DOSAGE PREPARATION (if unusual): The test article was dispersed in corn oil and all formulations were used on the day of preparation.
Doses:
Preliminary test: 500 and 2000 mg/kg
Main test: 2000 mg/kg
No. of animals per sex per dose:
Five males and five females in the main phase
Control animals:
no
Details on study design:
- Duration of observation period following administration: 14 days
- Frequency of observations and weighing: Clinical signs were noted once within 30 minutes of dosing, four times within the first 4 hours of dosing, twice daily on days 2, 3 and 4 then once daily from the 5th onwards. Bodyweights were recorded on day -1, Day 1, 8 and 15.
- Necropsy of survivors performed: yes. The necropsy procedure included inspection of external thoracic and cranial cavities, free-hand sectioning of the liver and kidneys and examination of representative sections of mucosal surfaces of the stomach, small and large intestines.
- Other examinations performed:
Statistics:
Not required
Preliminary study:
Groups of one fasted female rat dosed at 500 or 1000 mg/kg/day.
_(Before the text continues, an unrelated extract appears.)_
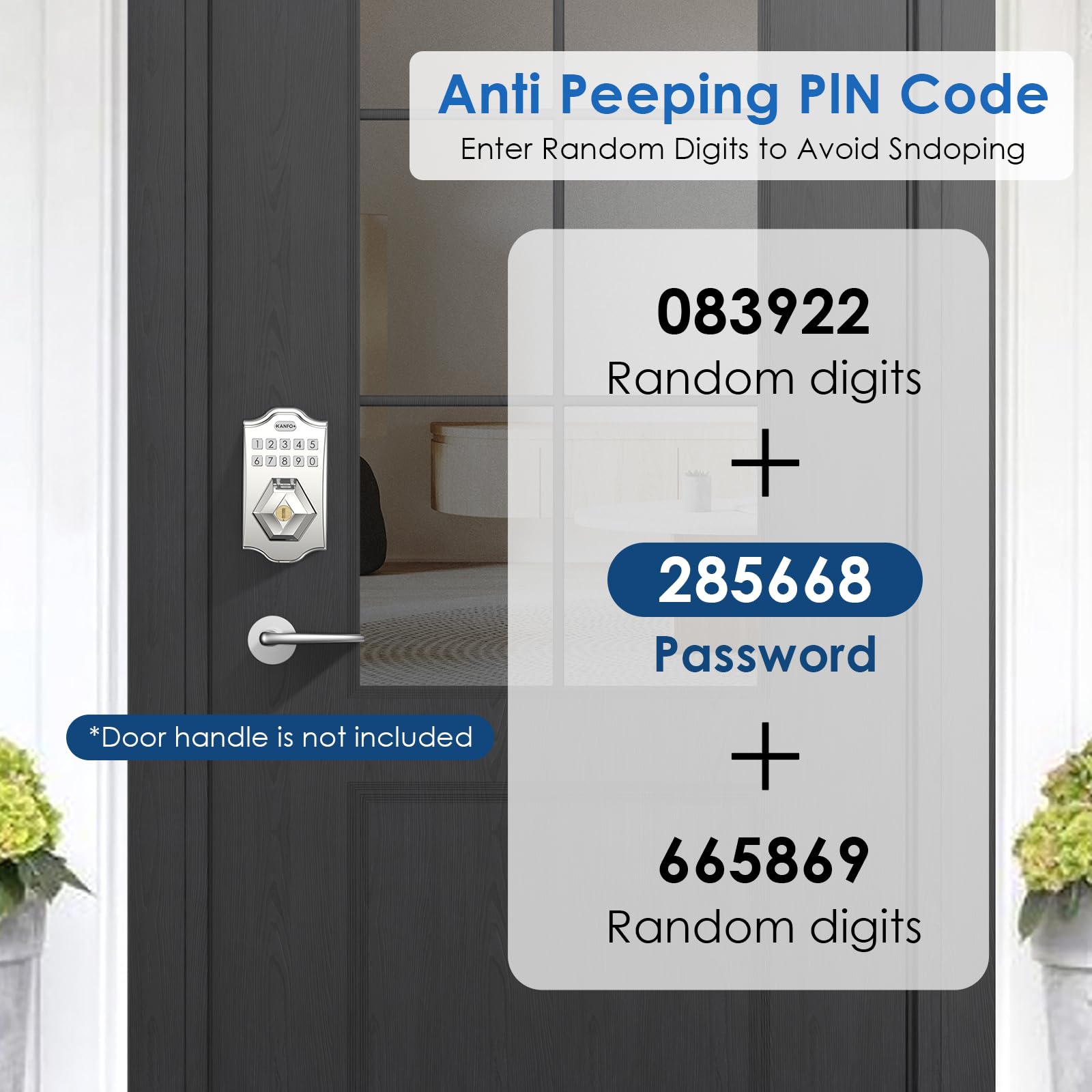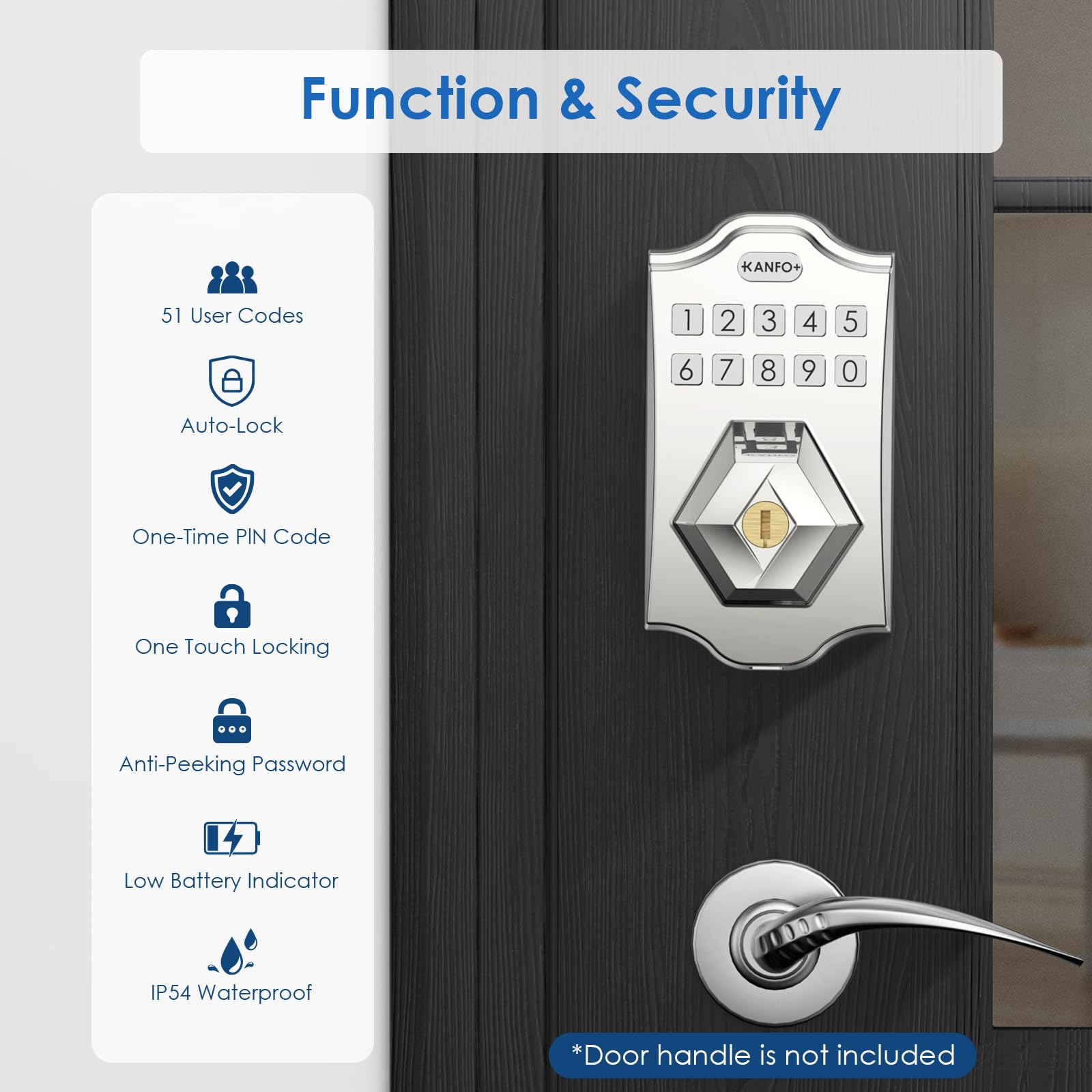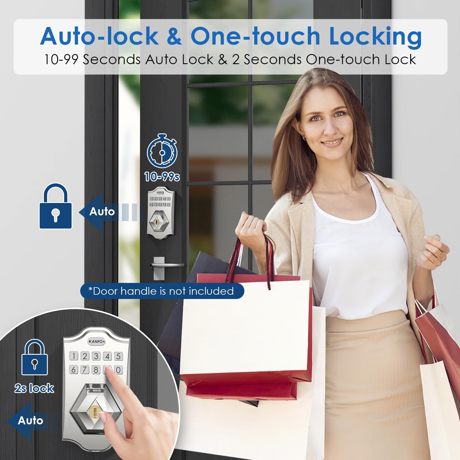 - [Auto Locking] KANFOX smart door lock with automatic lock, can be set to 10-99 seconds lock, one key automatic lock, hold down any key on the keyboard for 2 seconds to lock.

All animals survived.
Sex:
male/female
Dose descriptor:
LD50
Effect level:
> 2 000 mg/kg bw
Based on:
test mat.
Mortality:
No animals died following a single oral dose.
Clinical signs:
other: Two males were lethargic approximately four hours after dosing on Day 1 but this had resolved by day 2. Staining of teh snout was apparent in all rats during Day 2 and the female rats also showed soiling of the anogenital region.
Gross pathology:
Necropsy at termination revealed enlargement or red foci on the mandibular lymph nodes of 5 rats, reddening of the thymus in two rats and single cases of a small uterus or renal pelvic dilatation.
Interpretation of results:
GHS criteria not met
Conclusions:
The acute median lethal oral dose of the test substance to rats was found to exceed 2000 mg/kg (the standard limit dose for such studies).
Endpoint conclusion
Endpoint conclusion:
no adverse effect observed
Quality of whole database:
Reliable study available

Acute toxicity: via inhalation route

Endpoint conclusion
Endpoint conclusion:
no study available

Acute toxicity: via dermal route

Endpoint conclusion
Endpoint conclusion:
no study available

Additional information

Justification for classification or non-classification

In the available acute oral toxicity study, no deaths were noted at the limit dose of 2000 mg/kg. Accordingly the substance is not classified for acute toxicity effects in accordance with the CLP regulation (EC No. 1272/2008).